Behind the bar with Brian Smith at Pinche Taqueria
Brian Smith, the barman at Pinche Taqueria who will also be behind the stick at the resurrected Squeaky Bean when that restaurant opens next year, began his love affair with the bar before he was even legal. "I've been bartending at home since I graduated from high school," he admits. "I got into cocktails because my brother and I used to have parties. He was running the kitchen at a pizzeria, so he would cook. I would be the beverage guy, and little eighteen-year-old me would be sitting there schooling people on classic cocktails."
His early days weren't all Manhattans and Martinis, though. "I think one of my favorite first drinks was gin and fresh juice," he remembers. "We used to drink it from 20 ounce mason jars."

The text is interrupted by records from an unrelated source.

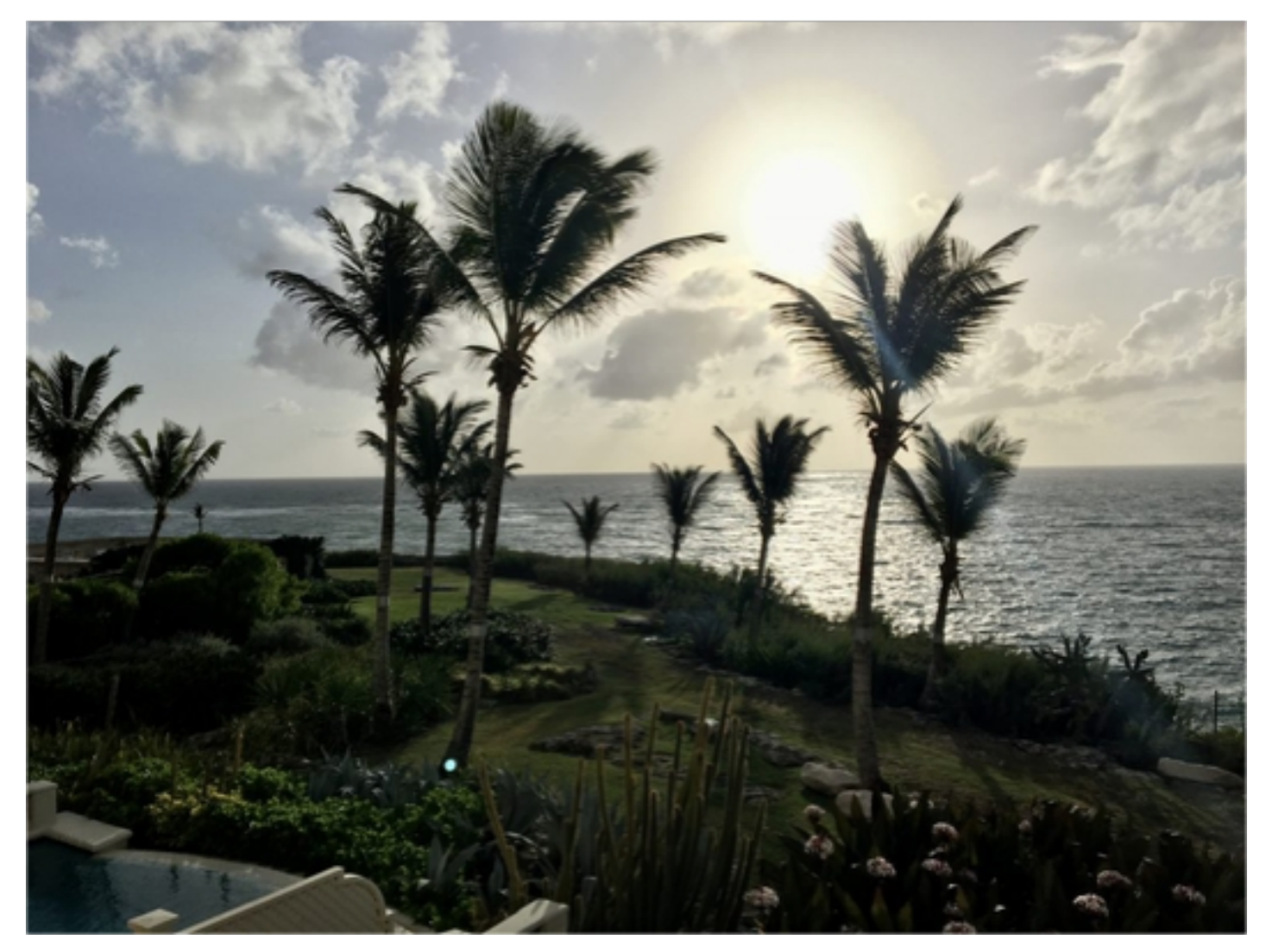
Watching the sun rise from a room at the Crane Resort in Barbados as the waves roll in from Africa. (Cynthia McLeod/Toronto Sun) (Cynthia McLeod/Toronto Sun)

However, when the Marine Villa mansion opened as the Crane Beach Hotel in 1887, there were only 18 rooms.
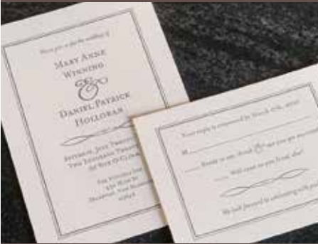
DIY Run, Reflex Designed; 120 sets A7 Invitations, A2 Reply Cards (PANTONE Warm Gray 8) on Colorplan Natural 100# $770
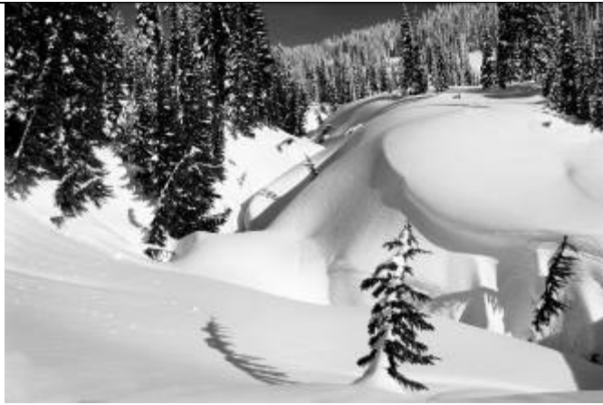
Paradise River in Snow
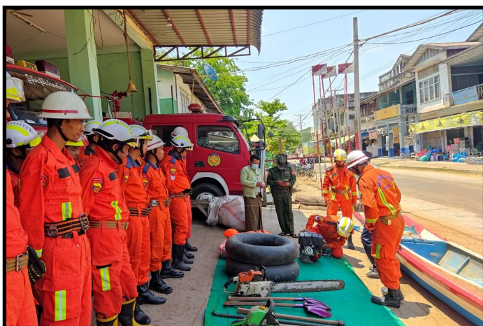
Preparedness and rehearsals of the disaster rescue teams in Oakpho Township
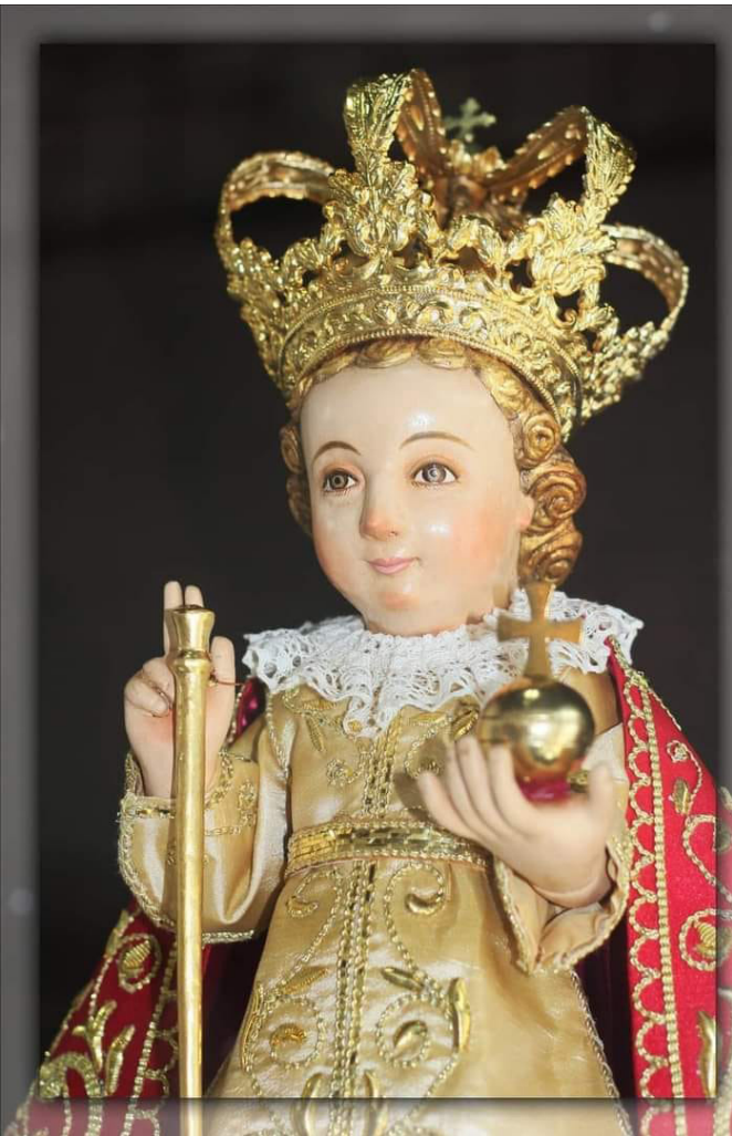
WELCOME HOME. Lost for 32 years, the image of the Santo Niño de Malitbog finally returns home to Malitbog Church where He was enshrined since 1857 on Nov. 28.
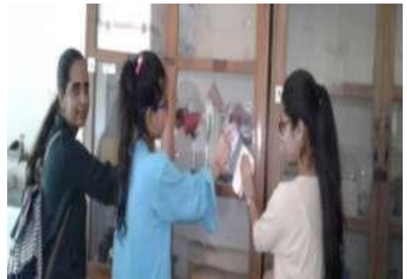
Students cleaning botany laboratory
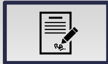
Enterprise Licensing Agreement

After he turned 21, Smith decided to get behind the bar professionally. "I got my start developing the wine-bar concept at Pulcinella Pizzeria in Fort Collins" where he was going to school, he explains. He later moved down to the Pulcinella Pizzeria and Wine Bar in Cherry Hills Village, where he ran the drinks program, building a list of wine and beer and creating cocktails with Italian twists to go with his menu. It was while he was working there that he met Johnny Ballen, owner of the Squeaky Bean, and Smith agreed to eventually join that team when the concept reopened.
In the meantime, though, Ballen consulted on the drinks list at Pinche Taqueria, bringing Smith on to help. Rather than return to pizza, the bartender stayed on at Pinche permanently, shaking classics and signature cocktails that he helped develop, pouring from a spirits list that's tequila- and whiskey-based, and continuing his quest for knowledge that he'll eventually take to the Bean a few nights a week, too. Here, he weighs in on his experiences behind the bar.
Bartending rule to live by: If we're talking advice to someone who was getting into bartending, I would say that they should understand that bartending is about 90 percent janitorial. You see volume bartenders that are really good at knocking out cocktails, but an air of cleanliness and professionalism is important. Otherwise, I think it's important to be both a bartender and a mixologist. Don't be a bartender who doesn't give a shit about the balance of the cocktails, and don't be a mixologist who doesn't care about the customer. It's fine to be snobby at home, but when you're behind the bar, you have a responsibility to get people to come back to that bar, and it helps if you can help them forget their day. Liquor is a nice tool for that, but a personality goes a long way, too.
Five words to describe your drink list: Shut up and come in. No, just kidding. Fresh, playful, honest, laminated (it is! It's laminated!), consistent.
Favorite drink on your list and why:I really dig our Proximus Paloma. It's the best Paloma I've had. We use Proximus Tequila, and Carlos, the owner, comes in pretty often. His wife, who's on the bottle, says it's her favorite, too. I think it's because a lot of Palomas are heavy on sweetness -- but ours is about balance.
Favorite item on your back bar: The stereo. Everything else is sort of a tool, but if you don't have a stereo, you're not having fun. Oh, you mean spirit? Tequila Ocho Blanco. It's a way to reintroduce people to tequila, and I think it's the purest agave spirit out there. It smells a little like drywall must. Agave liquor, after the heating process and mashing, smells like wet cement. It's really minerally. That's what I think of when I smell Tequila Ocho.
What was your craziest night behind the stick? When I was working at the pizzeria in Cherry Hills Village, I had group of regulars. There were a lot of nights when I would be the bartender, manager, host, everything, and I'd be closing the place down. So we'd have after-parties, and those regulars and friends would come in and drink Brian specials at the wine bar. One night, though, things got out of control. One guy kept trying to come behind the bar and make his own drinks, and one guy wouldn't stop playing the piano we had. He was Glee-ing out, if that's a verb. I finally told him, "I don't look like a bouncer, but I will be."
Favorite Denver venue for a drink that's not your own, and what you order when you're there: I've been really digging El Diablo for awhile. It was between my house and work, and sometimes you want to go to a place where you don't talk about the business, where you can just hang out and be a patron. That's El Diablo for me. And I love, love, love the Diablotini. I dig the cucumber and jalapeno-infused tequila. I love the texture of the cocktail. A lot of times you lose freshness in an infused spirit, but this one is really great.